EXERCISE >>
Once the images are set aside, output the listing exactly as it stands.
[[ PROVIDED MATERIAL, beginning ]]
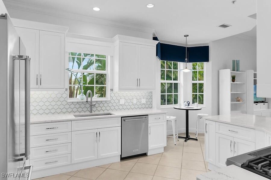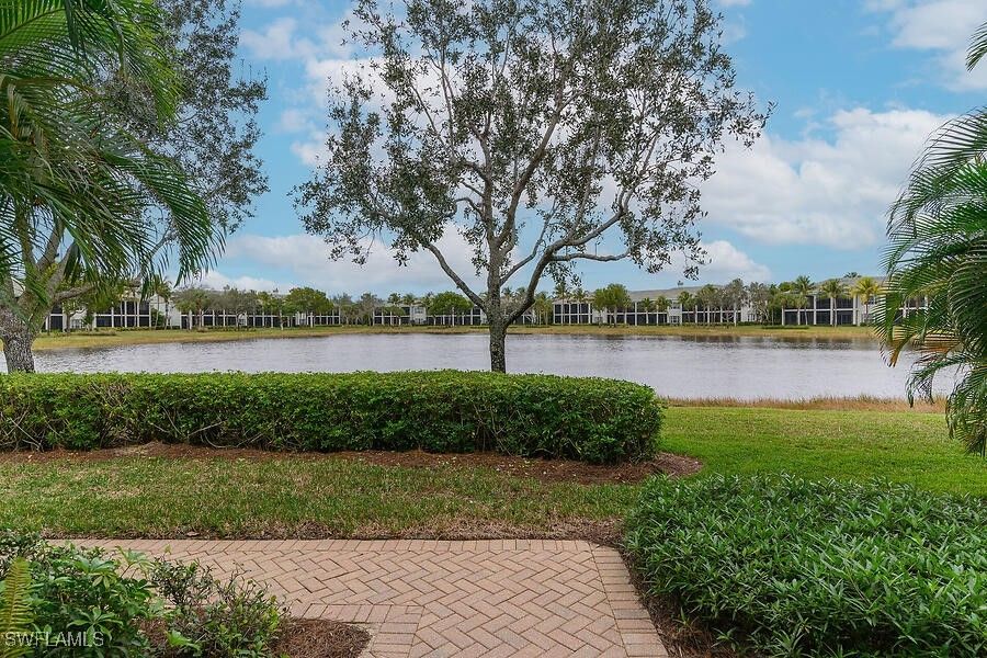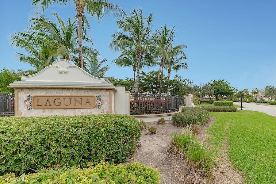 WOW factor from the moment you arrive! Gorgeous lake views surround this special first-floor end residence, offering exceptional privacy and an abundance of natural light. Spacious rooms and an oversized lanai create the perfect setting for both relaxed living and effortless entertaining, with soothing water views and balmy breezes flowing throughout the home. This thoughtfully designed floorplan is enhanced by a brand-new A/C, plantation shutters throughout, hurricane-impact windows, and electric shutters on the lanai. The kitchen has been stylishly updated with new countertops, cabinetry, backsplash, gas cooking, and newer stainless-steel appliances—perfect for the home chef. Laguna residences feature newer roofs and fresh exterior paint, all within a beautifully landscaped community with a serene pool just steps away. Located in the renowned Fiddler’s Creek, residents enjoy world-class, resort-style amenities including championship golf, a luxurious spa, state-of-the-art fitness center, and casual and fine dining. Optional memberships provide access to beach, boating, and marina privileges. Perfectly positioned between Marco Island and downtown Naples, Fiddler’s Creek offers unmatched convenience and an exceptional lifestyle. This is Southwest Florida coastal living at its finest—where comfort, elegance, and every wish come together.
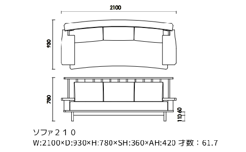 - ソファ210W:2100 D:930 H:780 SH:360
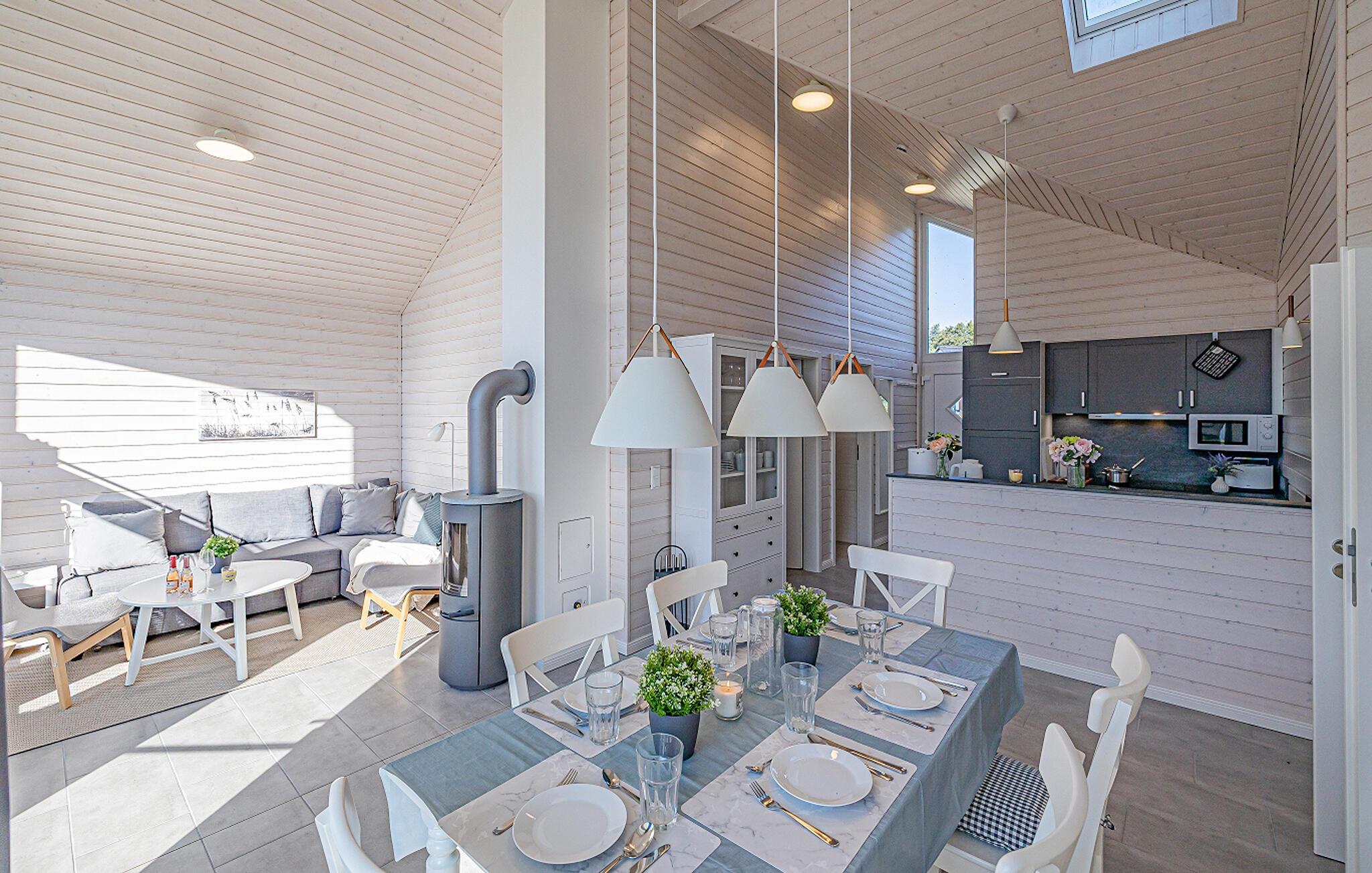 Nur wenige Schritte vom Ufer des malerischen Wardersees entfernt lädt Sie dieses komfortable und behagliche Ferienhaus zu einer unvergesslichen Auszeit ein. Freuen Sie sich auf gesellige Kochabende und harmonische Mahlzeiten am stilvoll beleuchteten Esstisch. Entspannen Sie nach einem langen Spaziergang in der Sauna und entfachen Sie in der kühleren Jahreszeit den Kaminofen, bevor Sie es sich für einen Filmabend auf dem Sofa gemütlich machen.
[[ PROVIDED MATERIAL, end ]]
OUTPUT OF THE TASK >>
 WOW factor from the moment you arrive! Gorgeous lake views surround this special first-floor end residence, offering exceptional privacy and an abundance of natural light. Spacious rooms and an oversized lanai create the perfect setting for both relaxed living and effortless entertaining, with soothing water views and balmy breezes flowing throughout the home. This thoughtfully designed floorplan is enhanced by a brand-new A/C, plantation shutters throughout, hurricane-impact windows, and electric shutters on the lanai. The kitchen has been stylishly updated with new countertops, cabinetry, backsplash, gas cooking, and newer stainless-steel appliances—perfect for the home chef. Laguna residences feature newer roofs and fresh exterior paint, all within a beautifully landscaped community with a serene pool just steps away. Located in the renowned Fiddler’s Creek, residents enjoy world-class, resort-style amenities including championship golf, a luxurious spa, state-of-the-art fitness center, and casual and fine dining. Optional memberships provide access to beach, boating, and marina privileges. Perfectly positioned between Marco Island and downtown Naples, Fiddler’s Creek offers unmatched convenience and an exceptional lifestyle. This is Southwest Florida coastal living at its finest—where comfort, elegance, and every wish come together.
 - ソファ210W:2100 D:930 H:780 SH:360
 Nur wenige Schritte vom Ufer des malerischen Wardersees entfernt lädt Sie dieses komfortable und behagliche Ferienhaus zu einer unvergesslichen Auszeit ein. Freuen Sie sich auf gesellige Kochabende und harmonische Mahlzeiten am stilvoll beleuchteten Esstisch. Entspannen Sie nach einem langen Spaziergang in der Sauna und entfachen Sie in der kühleren Jahreszeit den Kaminofen, bevor Sie es sich für einen Filmabend auf dem Sofa gemütlich machen.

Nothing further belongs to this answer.